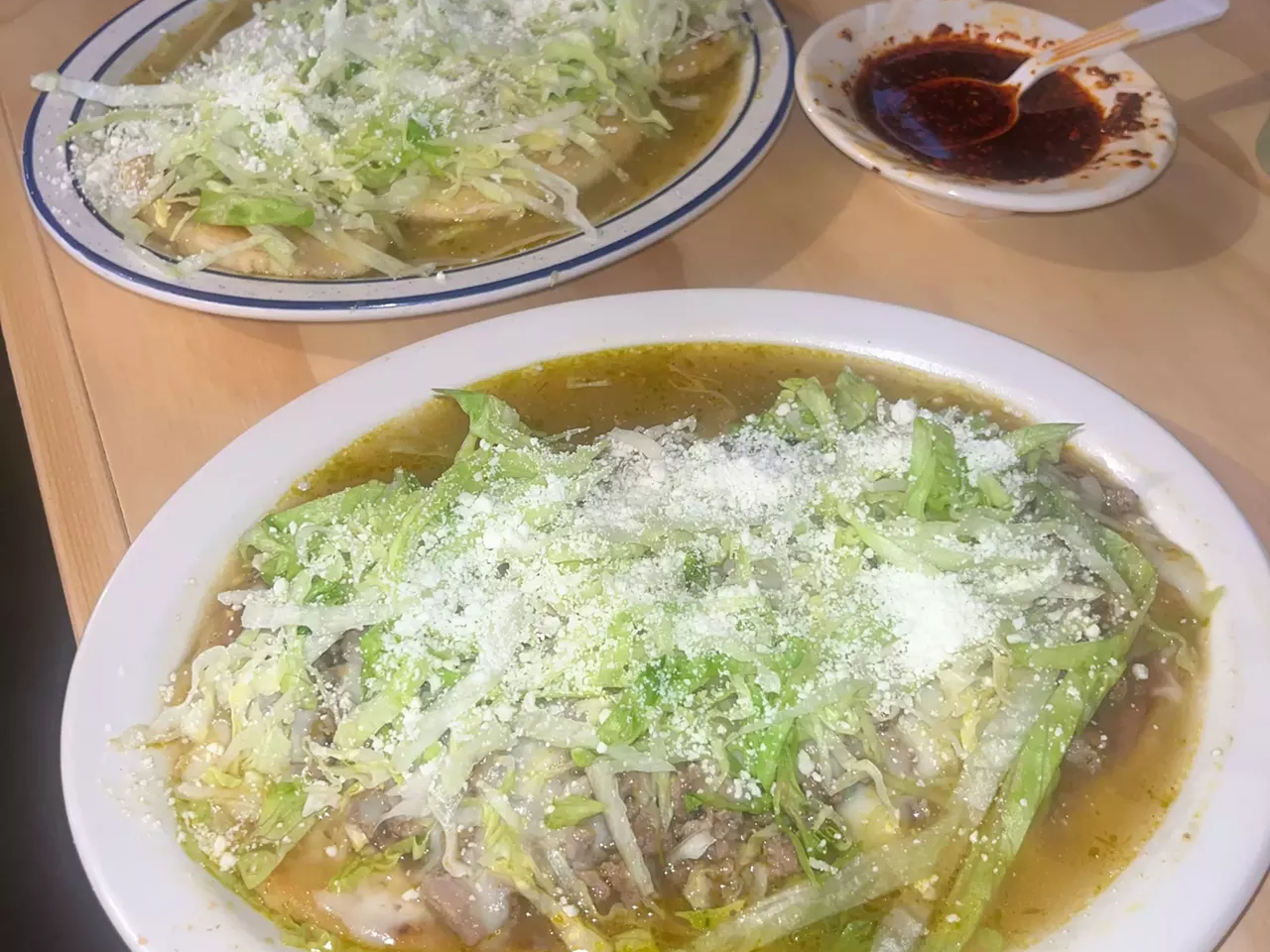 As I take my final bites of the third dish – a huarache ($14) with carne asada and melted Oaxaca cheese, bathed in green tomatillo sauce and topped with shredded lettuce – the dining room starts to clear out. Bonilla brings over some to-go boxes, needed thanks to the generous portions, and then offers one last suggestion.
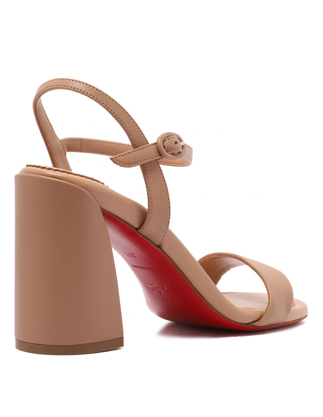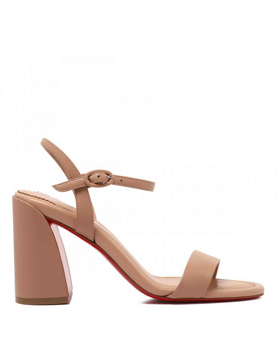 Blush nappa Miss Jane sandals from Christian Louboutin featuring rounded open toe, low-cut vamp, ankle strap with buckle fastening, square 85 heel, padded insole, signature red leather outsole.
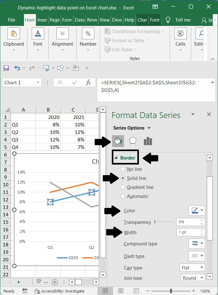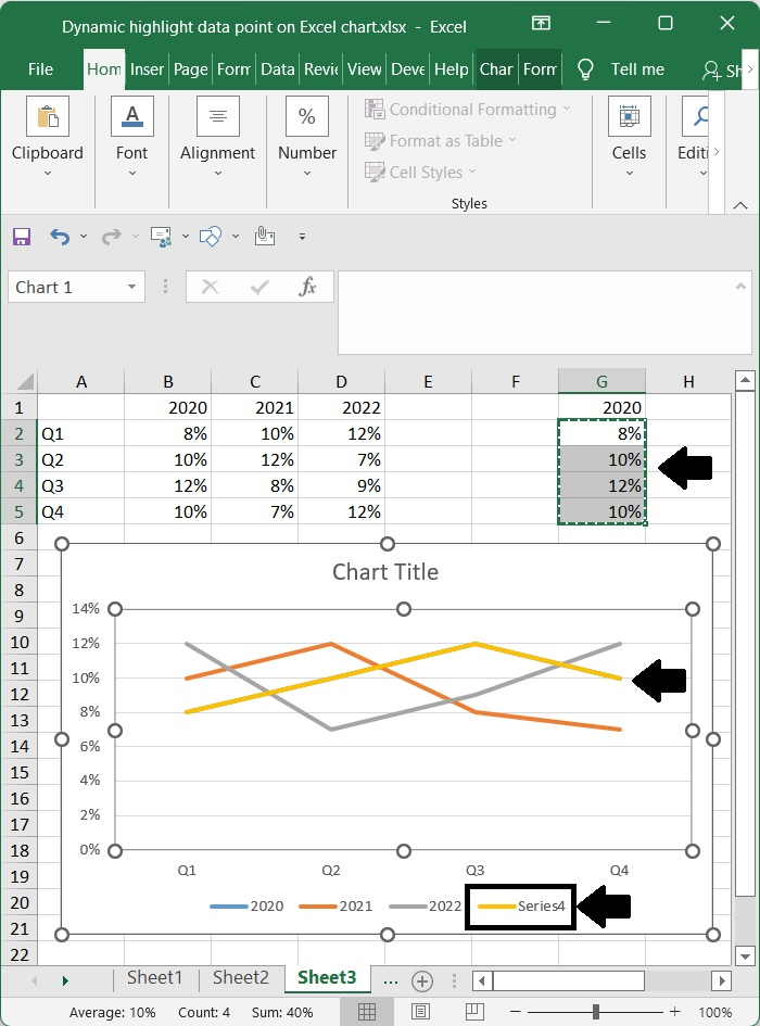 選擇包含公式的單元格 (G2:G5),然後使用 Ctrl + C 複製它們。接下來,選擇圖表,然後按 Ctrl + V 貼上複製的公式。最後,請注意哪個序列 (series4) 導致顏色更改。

REQUIRED WORK -
Beginning with the line that contains "Blush nappa Miss", output each line of the material above through the last one exactly as it stands. Do not include the pictures.

ANSWER FOR THIS EXERCISE -
 Blush nappa Miss Jane sandals from Christian Louboutin featuring rounded open toe, low-cut vamp, ankle strap with buckle fastening, square 85 heel, padded insole, signature red leather outsole.
 選擇包含公式的單元格 (G2:G5),然後使用 Ctrl + C 複製它們。接下來,選擇圖表,然後按 Ctrl + V 貼上複製的公式。最後,請注意哪個序列 (series4) 導致顏色更改。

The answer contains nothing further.